[SUPPLIED MATERIAL]

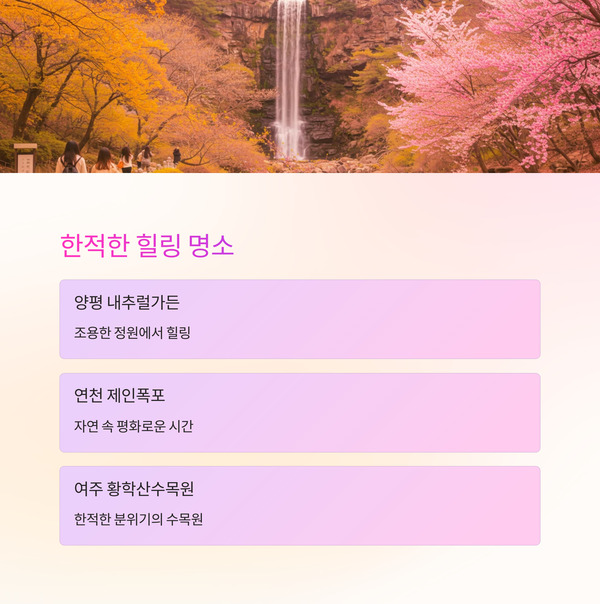 A. 양평 내추럴가든, 연천 제인폭포, 여주 황학산수목원 등 조용한 명소도 많아요.
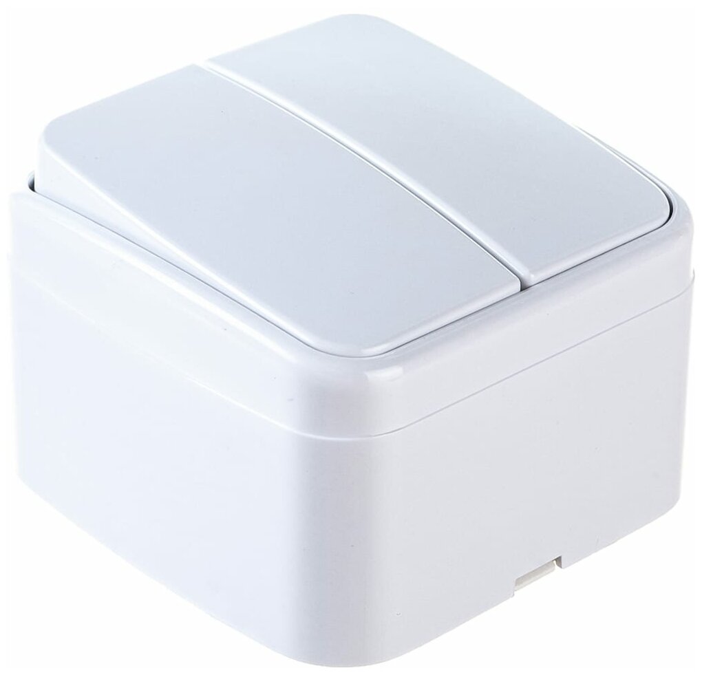 Выключатель 2-кл. ОП Электра 10А IP20 бел. Союз 0031Выключатель 2-кл. ОП Электра бел. Союз 0031 – электроустановочное устройство открытой установки (поверхностный монтаж). Представляет собой двухклавишный выключатель. Изготовлен из пластика, белого цвета. Поставщик: ТМ "Союз".
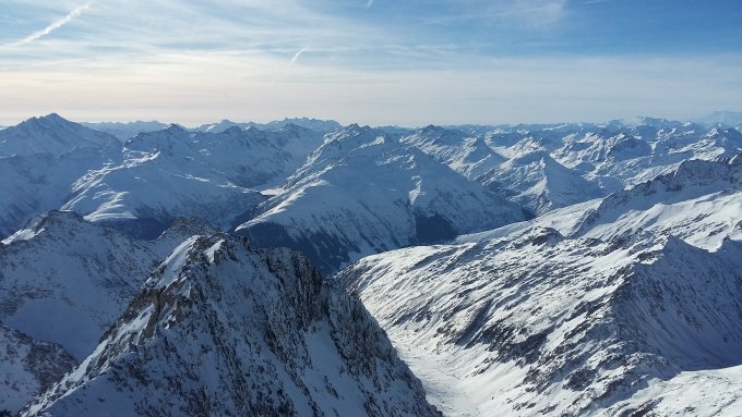 Tagestour von den Skiferien in Flims, 11 Uhr Gipfel, 13.30 Uhr in Bristen dann mit Ski und zu Fuss nach Amsteg auf's Postauto. Öv mit coolem Panorama zurück nach Disentis.
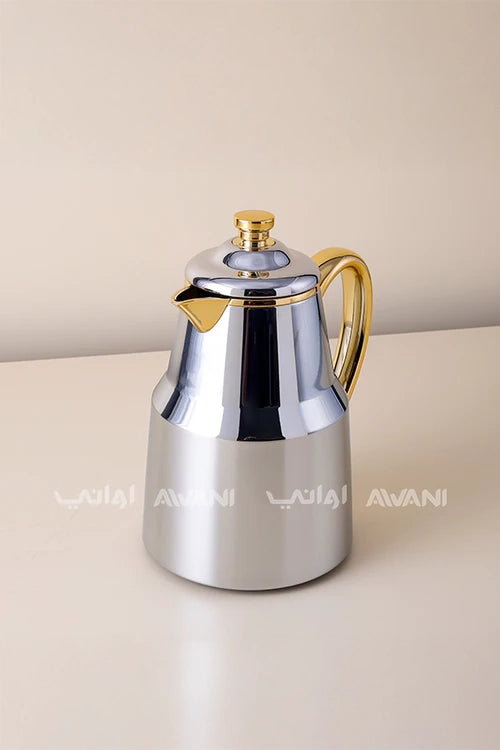 Stainless Steel Arabic Coffee Dallah with Silver and Gold Accents – 0.650 ML
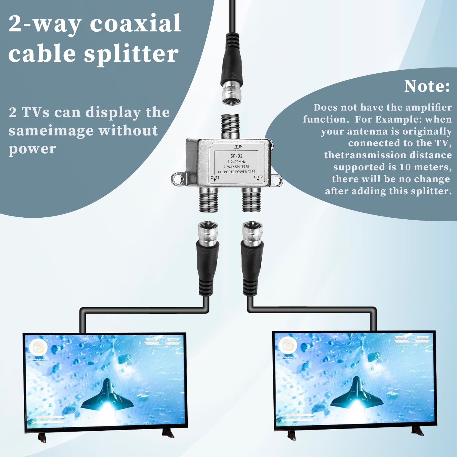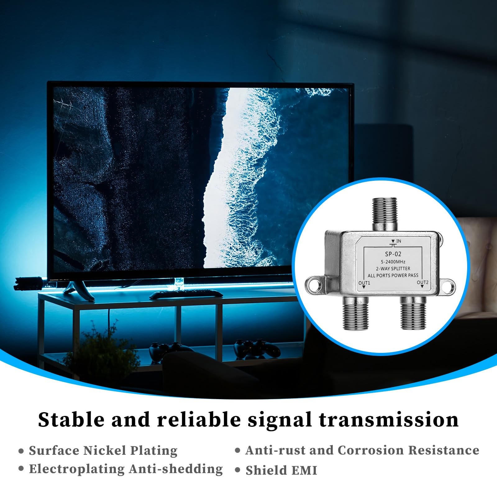 2 Way Coax TV Splitter RG6 Compatible 5-2400MHz for CATV Antenna System
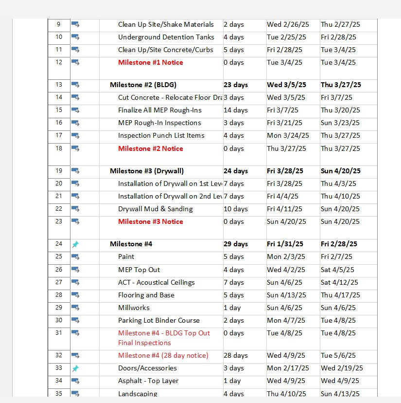 - Milestone Management: Track key milestones like Site Preparation, Building Top-Out, Drywall Completion, and more.
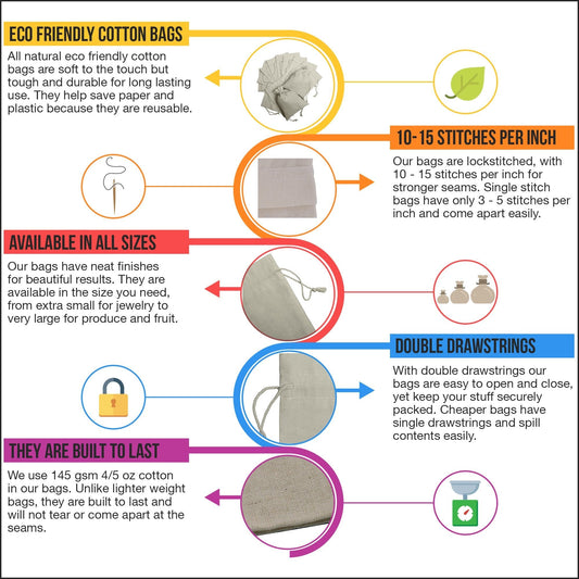 100 Percent Cotton Muslin Drawstring Bags For Shoes Storage Pantry Gifts (12 x 16 inch - 6 pack, Beige)

[/SUPPLIED MATERIAL]

**WHAT TO DO:**
Once the pictures are set aside, write out the entries verbatim.

**YOUR RESPONSE:**
 A. 양평 내추럴가든, 연천 제인폭포, 여주 황학산수목원 등 조용한 명소도 많아요.
 Выключатель 2-кл. ОП Электра 10А IP20 бел. Союз 0031Выключатель 2-кл. ОП Электра бел. Союз 0031 – электроустановочное устройство открытой установки (поверхностный монтаж). Представляет собой двухклавишный выключатель. Изготовлен из пластика, белого цвета. Поставщик: ТМ "Союз".
 Tagestour von den Skiferien in Flims, 11 Uhr Gipfel, 13.30 Uhr in Bristen dann mit Ski und zu Fuss nach Amsteg auf's Postauto. Öv mit coolem Panorama zurück nach Disentis.
 Stainless Steel Arabic Coffee Dallah with Silver and Gold Accents – 0.650 ML
 2 Way Coax TV Splitter RG6 Compatible 5-2400MHz for CATV Antenna System
 - Milestone Management: Track key milestones like Site Preparation, Building Top-Out, Drywall Completion, and more.
 100 Percent Cotton Muslin Drawstring Bags For Shoes Storage Pantry Gifts (12 x 16 inch - 6 pack, Beige)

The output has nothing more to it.